The env_id that appears in actions will also be returned in timesteps.
Each environment is run by a subprocess separately. Once an environment is done, it is reset immediately.

AsyncSubprocessEnvManager¶

class ding.envs.env_manager.subprocess_env_manager.AsyncSubprocessEnvManager(env_fn: List[Callable], cfg: easydict.EasyDict = {})[source]¶

Overview:: Create an AsyncSubprocessEnvManager to manage multiple environments. Each Environment is run by a respective subprocess.
Interfaces:: seed, launch, ready_obs, step, reset, env_info，active_env

close() → None[source]¶

Overview:: CLose the env manager and release all related resources.

enable_save_replay(replay_path: Union[List[str], str]) → None[source]¶

Overview:

Set each env’s replay save path.

Arguments:

replay_path (Union[List[str], str]): List of paths for each environment; Or one path for all environments.

env_info() → collections.namedtuple¶

Overview:

Get one env’s info, for example, action space, observation space, reward space, etc.

Returnns:

info (namedtuple): Usually a namedtuple BaseEnvInfo, each element is EnvElementInfo.

launch(reset_param: Optional[Dict] = None) → None[source]¶

Overview:

Set up the environments and their parameters.

Arguments:

reset_param (Optional[Dict]): Dict of reset parameters for each environment, key is the env_id, value is the cooresponding reset parameters.

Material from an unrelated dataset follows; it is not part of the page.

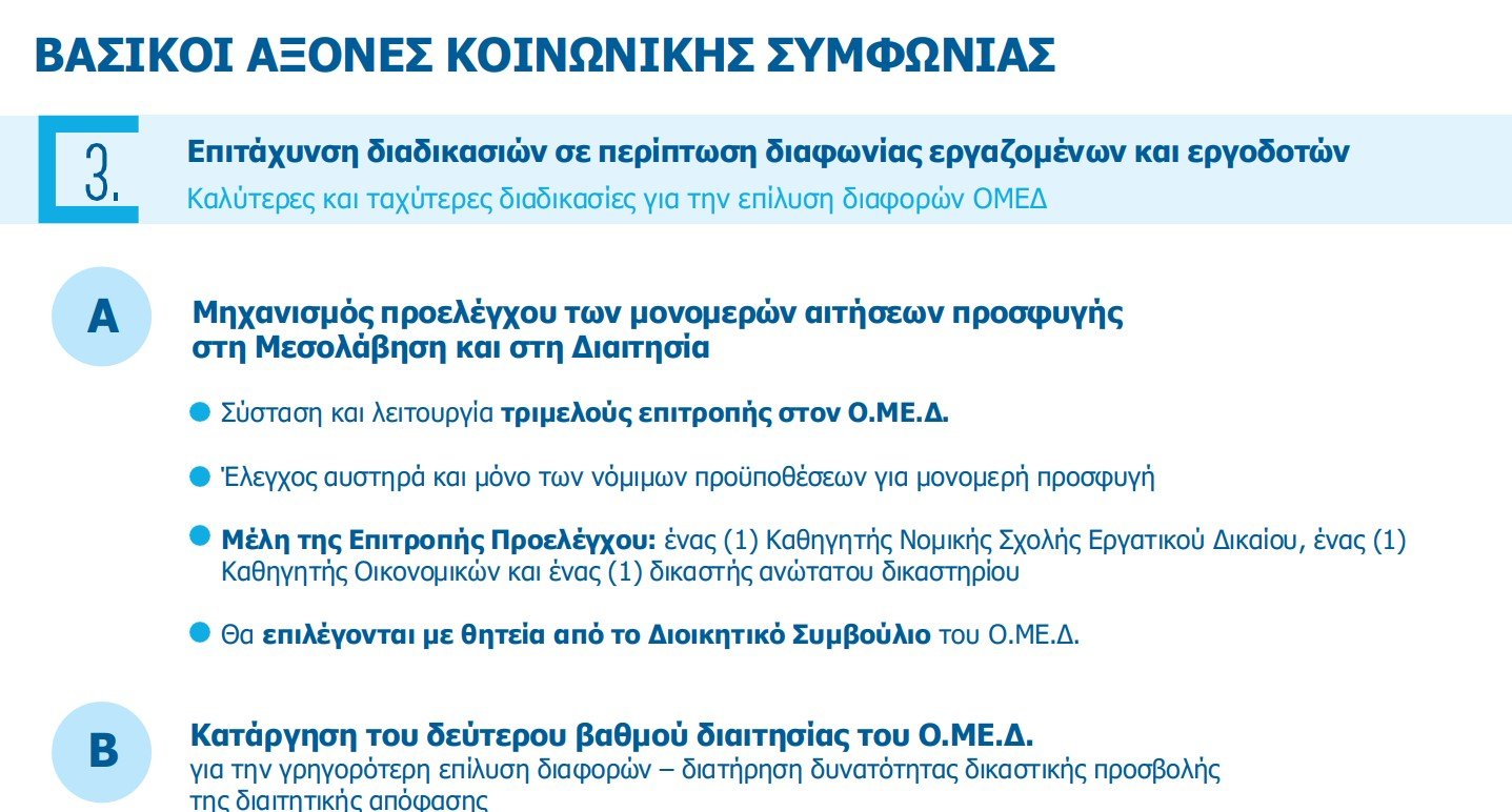 - Ενα ταχύ μηχανισμό ελέγχου του παραδεκτού των μονομερών αιτήσεων προσφυγής στον ΟΜΕΔ, με τη σύσταση και λειτουργία Επιτροπής στον ΟΜΕΔ, ο οποίος θα προχωρά σε προέλεγχο ότι συντρέχουν οι νόμιμες προϋποθέσεις. Η Επιτροπή απαρτίζεται από έναν καθηγητή Νομικής Σχολής Εργατικού Δικαίου και έναν Δικαστή ανώτατου Δικαστηρίου, οι οποίοι θα επιλέγονται με θητεία από το Δ.Σ. του ΟΜΕΔ.

property ready_obs: Dict[int, Any]¶

Overview:

Get the next observations.

Return:

A dictionary with observations and their environment IDs.

Note:

The observations are returned in np.ndarray.

Example:

>>>     obs_dict = env_manager.ready_obs
>>>     actions_dict = {env_id: model.forward(obs) for env_id, obs in obs_dict.items())}

reset(reset_param: Optional[Dict] = None) → None[source]¶

Overview:

Reset the environments their parameters.

Arguments:

reset_param (List): Dict of reset parameters for each environment, key is the env_id, value is the cooresponding reset parameters.

seed(seed: Union[Dict[int, int], List[int], int], dynamic_seed: Optional[bool] = None) → None¶

Overview:

Set the seed for each environment.

Arguments:

seed (Union[Dict[int, int], List[int], int]): List of seeds for each environment; Or one seed for the first environment and other seeds are generated automatically.

step(actions: Dict[int, Any]) → Dict[int, collections.namedtuple][source]¶

Overview:

Step all environments. Reset an env if done.

Arguments:

actions (Dict[int, Any]): {env_id: action}

Returns:

timesteps (Dict[int, namedtuple]): {env_id: timestep}. Timestep is a BaseEnvTimestep tuple with observation, reward, done, env_info.

Example:

>>>     actions_dict = {env_id: model.forward(obs) for env_id, obs in obs_dict.items())}
>>>     timesteps = env_manager.step(actions_dict):
>>>     for env_id, timestep in timesteps.items():
>>>         pass